Department of Biochemistry and Molecular Biology, Center for Systems Genomics, Pennsylvania State University, University Park, Pennsylvania, USA.
BioData Min. 2014 Sep 9;7:20. doi: 10.1186/1756-0381-7-20. eCollection 2014.
Effective cancer clinical outcome prediction for understanding of the mechanism of various types of cancer has been pursued using molecular-based data such as gene expression profiles, an approach that has promise for providing better diagnostics and supporting further therapies. However, clinical outcome prediction based on gene expression profiles varies between independent data sets. Further, single-gene expression outcome prediction is limited for cancer evaluation since genes do not act in isolation, but rather interact with other genes in complex signaling or regulatory networks. In addition, since pathways are more likely to co-operate together, it would be desirable to incorporate expert knowledge to combine pathways in a useful and informative manner.
Thus, we propose a novel approach for identifying knowledge-driven genomic interactions and applying it to discover models associated with cancer clinical phenotypes using grammatical evolution neural networks (GENN). In order to demonstrate the utility of the proposed approach, an ovarian cancer data from the Cancer Genome Atlas (TCGA) was used for predicting clinical stage as a pilot project.
We identified knowledge-driven genomic interactions associated with cancer stage from single knowledge bases such as sources of pathway-pathway interaction, but also knowledge-driven genomic interactions across different sets of knowledge bases such as pathway-protein family interactions by integrating different types of information.

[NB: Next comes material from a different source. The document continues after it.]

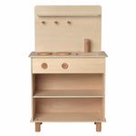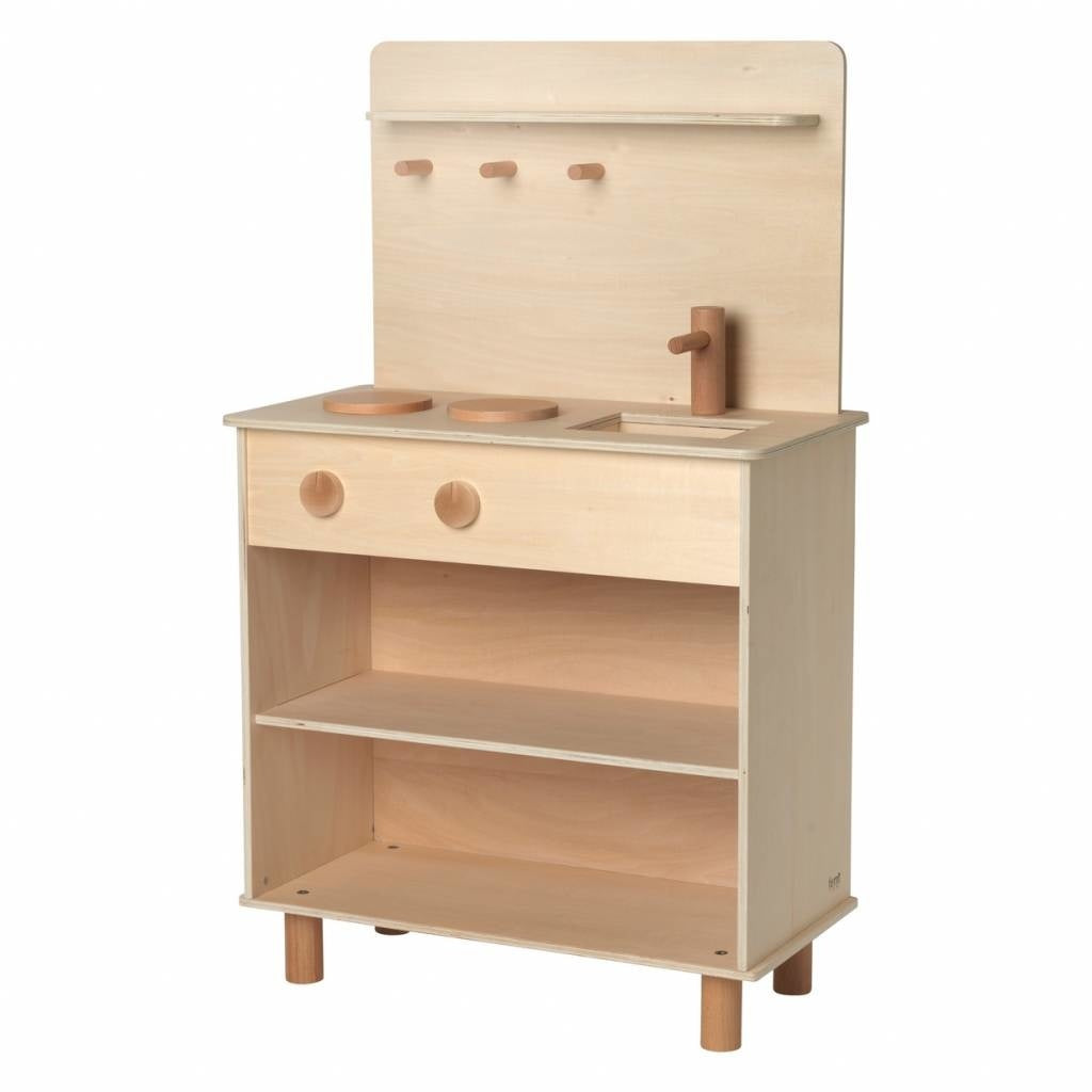 De keuken is gemaakt van natuurlijk multiplex, waardoor het een modern en stijlvol element in huis is. Zowel volwassenen als kinderen zullen het leuk vinden om ernaar te kijken. De keuken bestaat uit een gootsteen, een waterkraan, twee kookplaten, drie haken voor keukengerei en opbergplanken. De kleine details zijn gemaakt van natuurlijk, massief berkenhout.

Notably, an integration model from different sources of biological knowledge achieved 78.82% balanced accuracy and outperformed the top models with gene expression or single knowledge-based data types alone. Furthermore, the results from the models are more interpretable because they are framed in the context of specific biological pathways or other expert knowledge.
The success of the pilot study we have presented herein will allow us to pursue further identification of models predictive of clinical cancer survival and recurrence. Understanding the underlying tumorigenesis and progression in ovarian cancer through the global view of interactions within/between different biological knowledge sources has the potential for providing more effective screening strategies and therapeutic targets for many types of cancer.
为了了解各种类型癌症的机制,人们一直在使用基于分子的数据(如基因表达谱)来进行有效的癌症临床结果预测,这种方法有望提供更好的诊断并支持进一步的治疗。然而,基于基因表达谱的临床结果预测在独立数据集之间存在差异。此外,由于基因不是孤立作用,而是在复杂的信号或调节网络中与其他基因相互作用,因此单基因表达结果预测对于癌症评估是有限的。此外,由于通路更有可能协同作用,因此最好结合专家知识以有用且有信息的方式组合通路。
因此,我们提出了一种新的方法来识别知识驱动的基因组相互作用,并应用于使用语法进化神经网络 (GENN) 发现与癌症临床表型相关的模型。为了证明所提出方法的实用性,我们使用癌症基因组图谱 (TCGA) 中的卵巢癌数据作为试点项目来预测临床阶段。
我们从单个知识库(如通路-通路相互作用的来源)中识别出与癌症阶段相关的知识驱动的基因组相互作用,也从不同知识库(如通路-蛋白家族相互作用)中识别出知识驱动的基因组相互作用通过整合不同类型的信息。值得注意的是,来自不同生物知识源的集成模型实现了 78.82%的平衡准确率,并优于仅使用基因表达或单一知识基础数据类型的顶级模型。此外,由于模型的结果是在特定的生物途径或其他专家知识的背景下提出的,因此它们更具可解释性。
我们在此提出的试点研究的成功将使我们能够进一步确定预测癌症临床生存和复发的模型。通过不同生物知识源内部/之间相互作用的全局视图来理解卵巢癌的肿瘤发生和进展,有可能为许多类型的癌症提供更有效的筛查策略和治疗靶点。